I often note the hypocrisies, twisted language and outright lies that are foisted on Wisconsin taxpayers.
* Like the claim that Foxconn with massive public subsidies is creating a manufacturing "ecosystem" - while bulldozing, paving over and polluting an authentic, two-state ecosystem which includes streams, wetlands and prime agricultural land.
* Or the notion propagandized through amber-waves-of-grain word-smithing that hunters "harvest" wolves - while those particular 'hunters' in fact released truckloads of dogs that chased and snared wolves in leg traps which then got kill-shots in the head - pregnant females among them:
“These animals were killed using packs of dogs, snares and leg-hold traps,” Kitty Block, chief executive of the Humane Society of the United States, said on Tuesday. “It was a race to kill these animals in the most cruel ways.”
* Or the bragging by GOP Assembly Robin Vos about his about statewide "clean water task force" -
- while he actually let his caucus strip away funding to replace hazardous lead drinking-water pipes in Milwaukee.
And obstructed actions intended to battle harmful, industrial 'forever chemicals' from getting into state waterways.
Plus, he supported the expansion of already under-regulated industrial scale animal feeding operations though it has been shown time and again that such operations regularly leave feces and toxic nitrate deposits in rural Wisconsin residential wells.
But I want to give Vos and his party credit for some welcome budgeting and policy transparency when they cut state funding for transit operations by a flat 50% in just two cities - Madison and Milwaukee which are controlled by Democrats - while exempting other municipalities from that meat-axe approach.
Even though without Milwaukee and Madison's contributions to the state budget, the rest of Wisconsin goes into public service meltdown.
That's called shouting the normally quiet parts about dividing-and-conquering despite equal protection over a stadium-quality microphone.
While at the same time mandating the state spend one billion dollars to widen a three-mile stretch of interstate highway which borders several heavily minority city neighborhoods as it connects westward to higher income and whiter Waukesha County suburbs.
Vos's refreshingly transparent budgeting also:
*Clarifiies core Republican antipathy towards big cities, and to the lower-income or people of color who live there - as Walker made clear while campaigning in Waukesha County while Governor:
"'People do not Wisconsin to "become another Milwaukee," Walker said.'"
* Further amplifies the fundamental Republican practice in Wisconsin that uses law and taxpayer dollars to isolate lower-income or minority workers - as Walker did with the Federally-funded Zoo Interchange project - and keep them disconnected from housing, recreation, schools and jobs in the suburbs.
* And cleared away some of the fiction that Wisconsin has a "Department of Transportation" - a label which deceptively suggests the agency is a provider of a broad array of programs that approaches "transportation" with user equivalency - when Wisconsin basically has a State Highway Department which principally serves a politically-connected politicians-and-road-builders' complex that secondarily handles some pesky bus, rail, bicycle and pedestrian programs which the Legislature generally starves.
A mutually-beneficial political-and-business system which occasionally has some Democrats' participation, as I have noted.
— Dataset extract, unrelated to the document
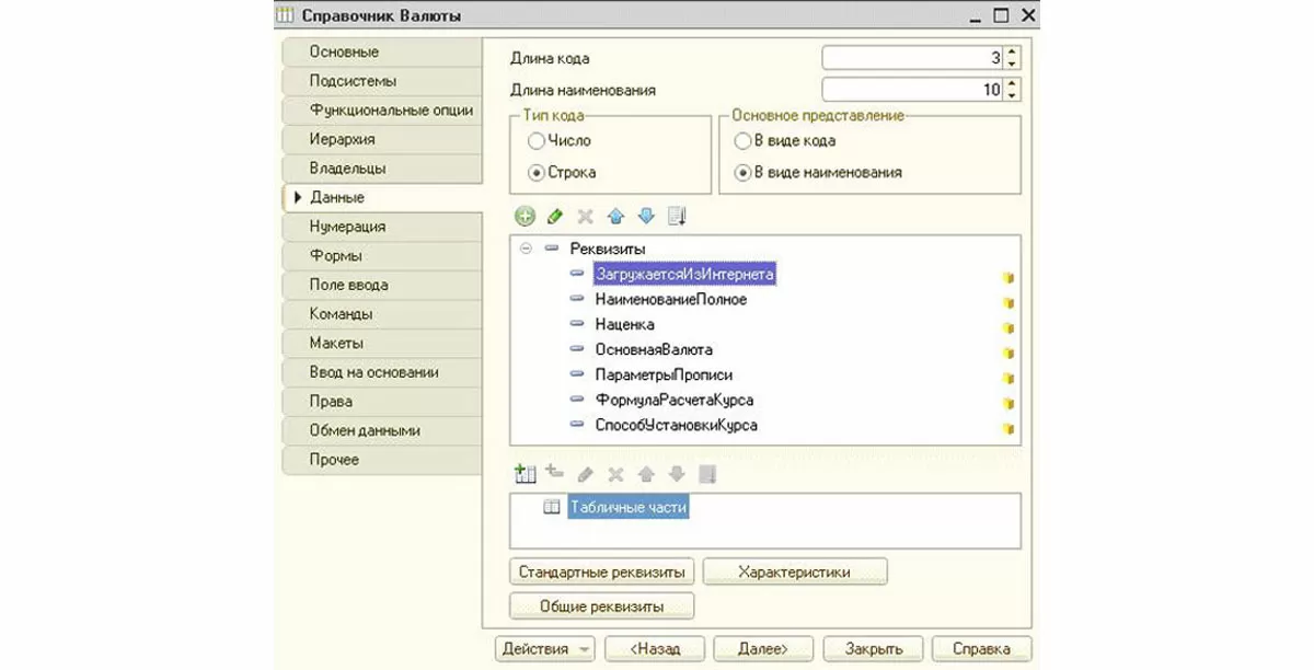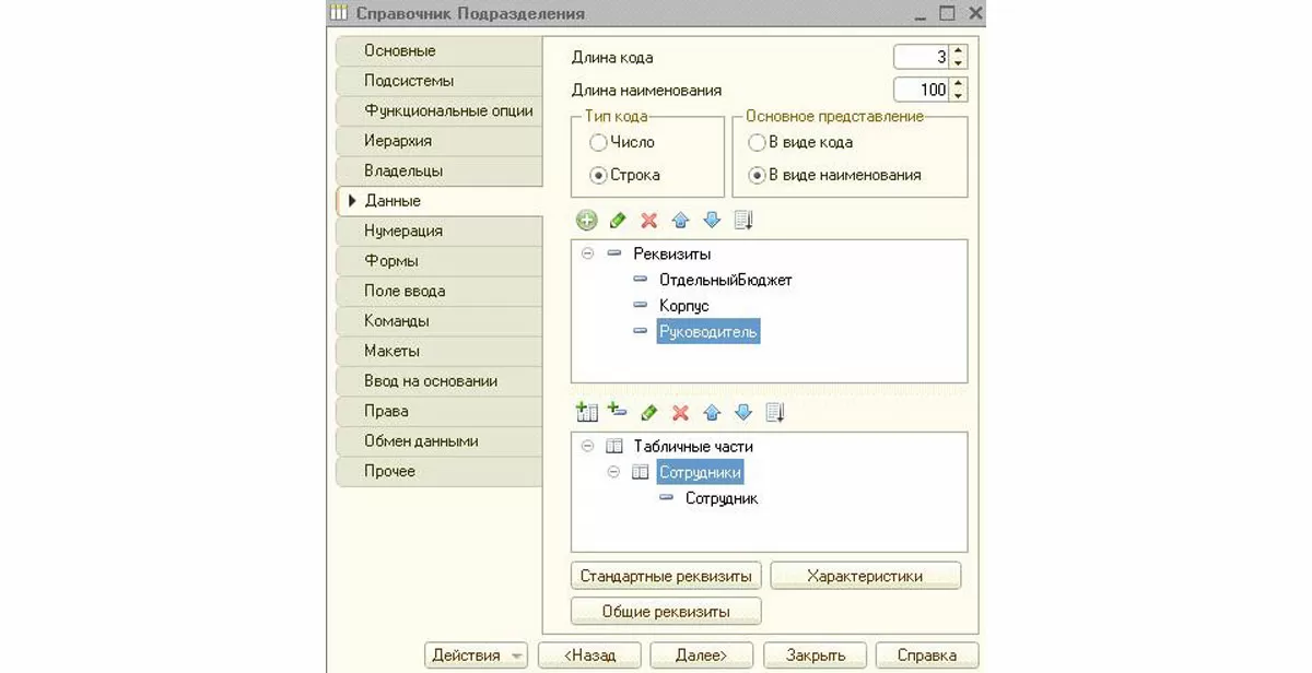 На вкладке «Данные» определяется, какую информацию вы сможете добавить в справочник 1С. Сверху настраивается код и наименование – одни из стандартных реквизитов, в центре – перечень добавленных реквизитов. В нижней части вы видите табличные части справочника.

But as I wrote in 2014, if it were all up to Vos, transit in Wisconsin would have already been removed from the Department of Transportation budget, and placed in the state's general budget from which Republicans regularly excise people programs while regularly using it as a favor bank for businesses and upper-income tax filers, as recently as last week:
The Assembly late Tuesday passed the $87.5 billion Republican-authored 2021-23 biennial budget, which cuts taxes largely on businesses and the wealthy more than $3 billion, lifts a UW tuition freeze and rejects many of Democratic Gov. Tony Evers’ top priorities.
And a budgeting process where transit would have waged a losing, fixed fight alongside countless other tax-supported programs which Vos and company regularly diss and strangle - because those programs are "social" in nature:
Robin Vos, the GOP WI Assembly Speaker, thinks transit funding should be removed from the transportation fund:
Assembly Speaker Robin Vos has pushed for public transit to be funded through the state’s general budget instead of the DOT, saying he considers transit a social program....
This is part of the GOP plan to define "transportation" as roads and highways - - facilitated with the just-approved state constitution highway lobby dream amendment to dedicate gasoline tax revenue to their version of transportation.
And were the GOP-led Legislature were to fund something "social," like clean water or transit or expanded Medicaid, Republicans told us last year what comes next:
Wisconsin Republicans Warn Of Anarchy, Socialism At Annual State Convention
Vos and Friends have given us some rare truthiness, so be social, and pass it on because the 2022 elections will be here before you know it.